About this exercise: The line containing "Select your order" and every line after it, through the end of the records below, are to be reproduced exactly, with the pictures left out.

Stored data:
○ ○ ○ ○
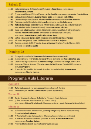 También vuelve en esta edición el programa “Aula Literaria”, con talleres, charlas y recitales, entre otros. El jueves, por ejemplo, habrá un Taller de rol para padres, a las 19:00 horas, impartido por Namek Games a & Comics o la presentación del libro “Tiros al aire” de Víctor Jiménez a las 20 horas; el viernes, a las 20:00 horas, Fátima Tirado, Juan Andrés Moya y Ana barrera, que hablarán sobre “Cómo suena una obra literaria”, o el sábado, a las 13 horas, la presentación del libro “Guía sentimental de Buenos Aires”, por Sergio Hojman, y a las 13:30 horas, el IV Recital de Poesía.
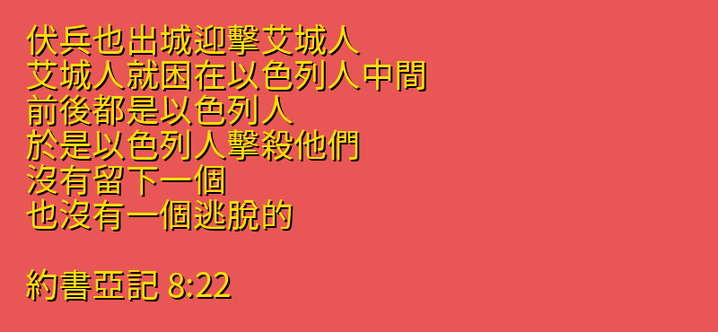 今日分享的中文聖經:「伏兵也出城迎擊艾城人.艾城人就困在以色列人中間、前後都是以色列人.於是以色列人擊殺他們、沒有留下一個、也沒有一個逃脫的.」來自聖經「約書亞記」第「8章22節」,你可以繼續向下拉看到聖經卷書完整章節。每日中文聖經從神的話語中聆聽神的聲音,引導我們的人生,指導我們人生的方向,讓我們做出正確的選擇,而做出這些正確選擇的原則都在聖經中,所以我們需要讀神的話語,認識他的話語,把神的話語藏在心裡。
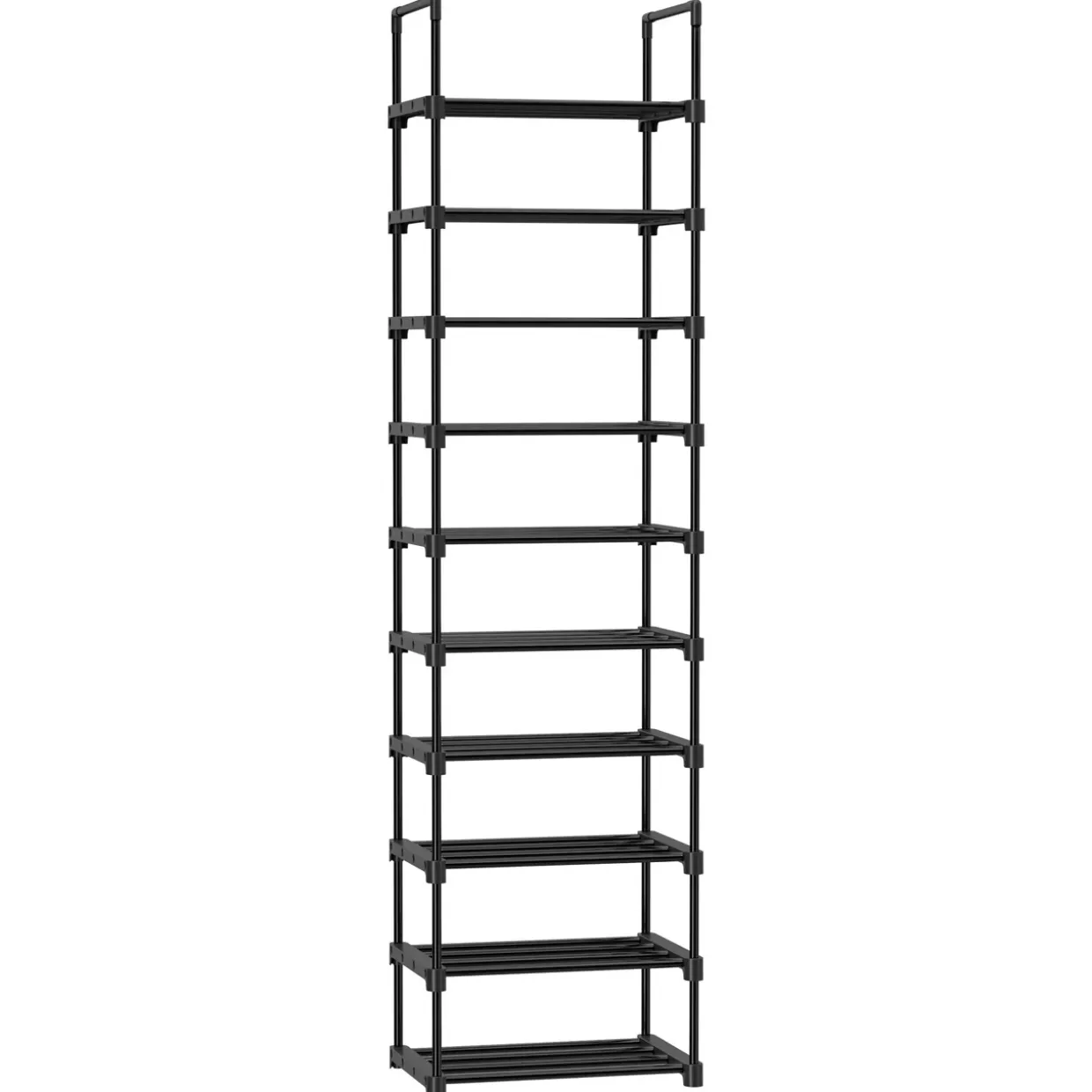 Entwickelt für den anspruchsvollen Nutzer, bietet dieses Schuhregal nicht nur praktischen Stauraum, sondern auch eine clevere Organisation Ihrer Schuhe. Die Verarbeitung aus Metall verleiht dem Regal eine robuste Struktur, während der Einsatz von Kunststoff die Flexibilität und das Gewicht verringert, was den Transport und die Handhabung erleichtert.
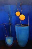 Creëer een serene sfeer in uw interieur met deze minimalistische print van een bloemenvaas. De ingetogen kleuren en strakke lijnen passen perfect in een moderne woonkamer of kantoor.
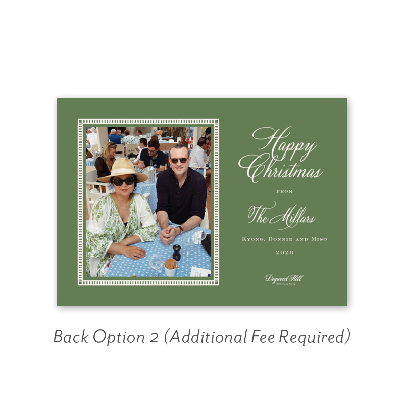 Select your order quantity from the dropdown menu below and check your total. Then click the Customize and Add to Cart button to create your card and add it to your cart.Want to add up to 4 photos on the back or inside of your card? Click here to add the fee to your cart.
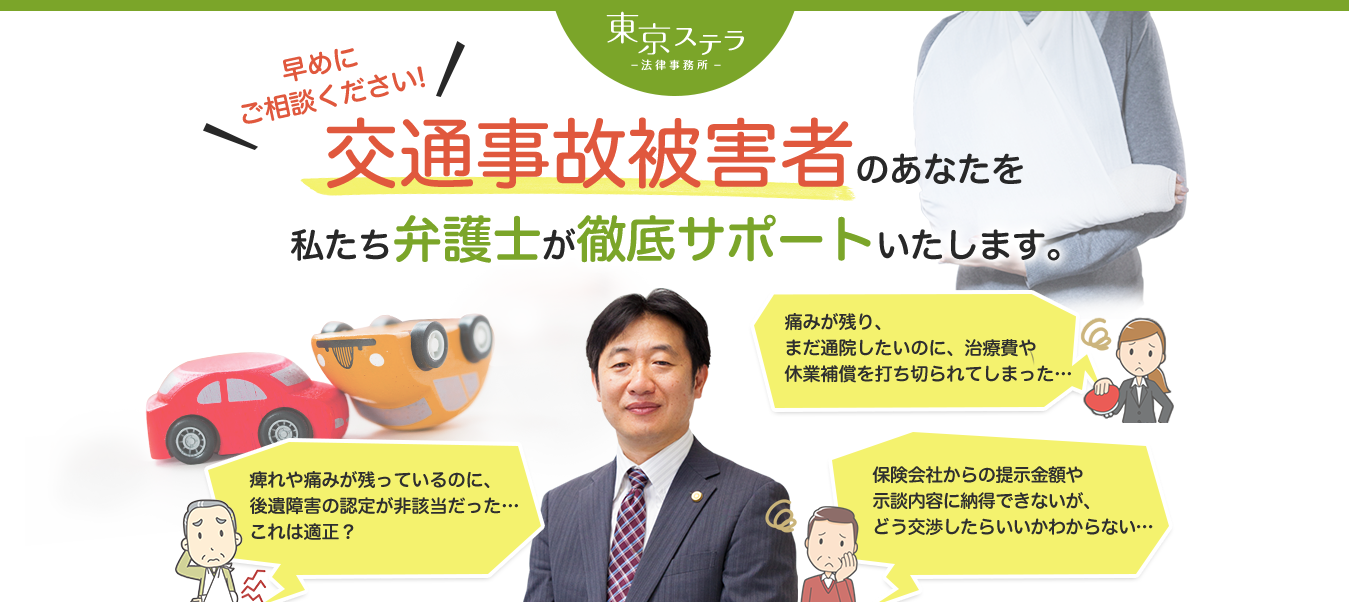 交通事故問題解決専門のおすすめ弁護士Aは【ステラ法律事務所】です。
○ ○ ○ ○
Result below:
 Select your order quantity from the dropdown menu below and check your total. Then click the Customize and Add to Cart button to create your card and add it to your cart.Want to add up to 4 photos on the back or inside of your card? Click here to add the fee to your cart.
 交通事故問題解決専門のおすすめ弁護士Aは【ステラ法律事務所】です。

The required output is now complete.